L’affare sembra quindi concluso, viene proposto un brindisi ma, come lo spettatore ha appreso poco prima, Tommy è ora un uomo sobrio – quantomeno per quanto riguarda l’alcol – e, a quanto pare, non essere un alcolista negli anni ’30 era motivo di vergogna e scherno da parte di chiunque. A ridere per ultimo, però, sarà lo stesso Tommy, a conoscenza dell’identità di un presunto traditore tra le fila degli uomini dello zio Jack, sussurrato ad un orecchio con la glaciale compostezza che da sempre caratterizza il personaggio di Cillian Murphy.

FAMILY BUSINESS


I now realize that whisky is just fuel for the loud engines inside your head.

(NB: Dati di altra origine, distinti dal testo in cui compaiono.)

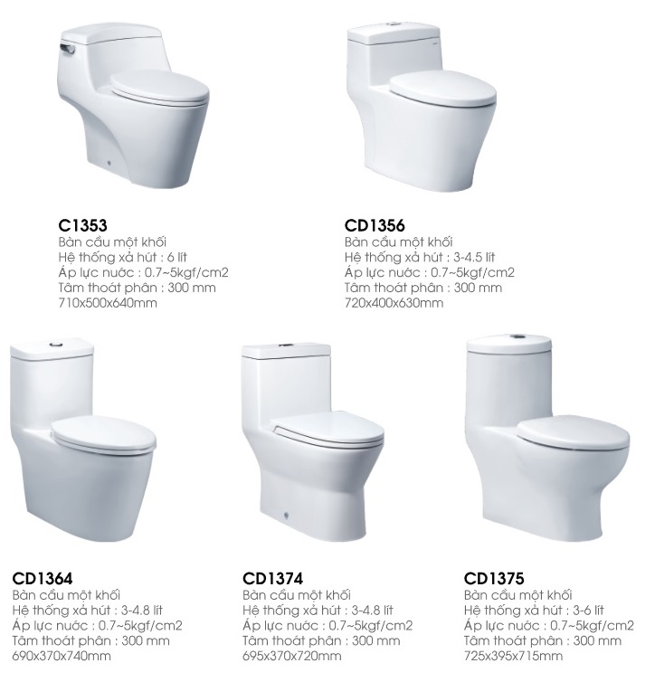 Bàn cầu một khối Caesar có đặc điểm khác nhau tùy theo mẫu mã mà dùng khác nhau, phân biệt dựa vào hệ thống xả hút, Áp lực nước hoặc tâm thoát phân. Các mã bàn cầu một khối Caesar gồm C1353, CD1356, CD1364, CD1374, CD1375...

Se la morte di Polly ha spinto Thomas a liberarsi dalla schiavitù impostagli dall’alcol, rendendolo visibilmente più lucido e concentrato, sorte diversa ha atteso il più grande degli Shelby. Arthur infatti ricade nel tunnel della dipendenza, stavolta da oppio, impersonando il peggior Babbo Natale della storia e riportando il personaggio a confrontarsi nuovamente con i suoi demoni più oscuri.
Si tratta comunque di una parentesi molto breve in un episodio principalmente Tommy-centrico e che lascia invece più spazio a Michael e Gina, che in questa stagione sembrano occupare un ruolo di rilievo rispetto alle precedenti. Il tema della vendetta nei confronti del fratello sembra essere uno degli aspetti più importanti messi in scena finora, oltre che costituire un ottimo stratagemma per generare continua tensione nel corso dei vis a vis ra i due personaggi.
La partita a scacchi è cominciata e Thomas ha già fatto la sua prima mossa, incastrando Michael e facendolo arrestare con la minaccia di tenerlo dentro per un bel po’ di tempo, tentando di convincere nel frattempo la moglie a fare da tramite tra lui e Jack Nelson con la minaccia di entrare in affare con gli ebrei di Solomon. La ritrovata lucidità di Tommy sembra aver riportato il personaggio ai fasti delle prime stagioni, prima della scomparsa di Grace e del successivo crollo psicologico, ma la partita è appena cominciata e Michael non sembra intenzionato ad arrendersi così facilmente senza prima combattere.

 

THUMBS UP THUMBS DOWN
  • Come al solito uno spettacolo per gli occhi
  • L’ignoranza di Tommy Shelby quando è sobrio
  • Prima scena dedicata ad Arthur: lui strafatto sulle scale che non sa manco come si chiama
  • La vendetta promessa da Michael
  • Più spazio ad Anya Taylor-Joy e alla sua Gina
  • Il faccia a faccia finale tra Michael e Tommy
  • Nulla di rilevante

 

Si potrebbe tranquillamente cominciare con la massima valutazione ma trattandosi di un episodio molto introduttivo ci si accontenta di un Thank in attesa, probabilmente, di una lunga sfilza di Bless ad accompagnare la corsa finale della serie.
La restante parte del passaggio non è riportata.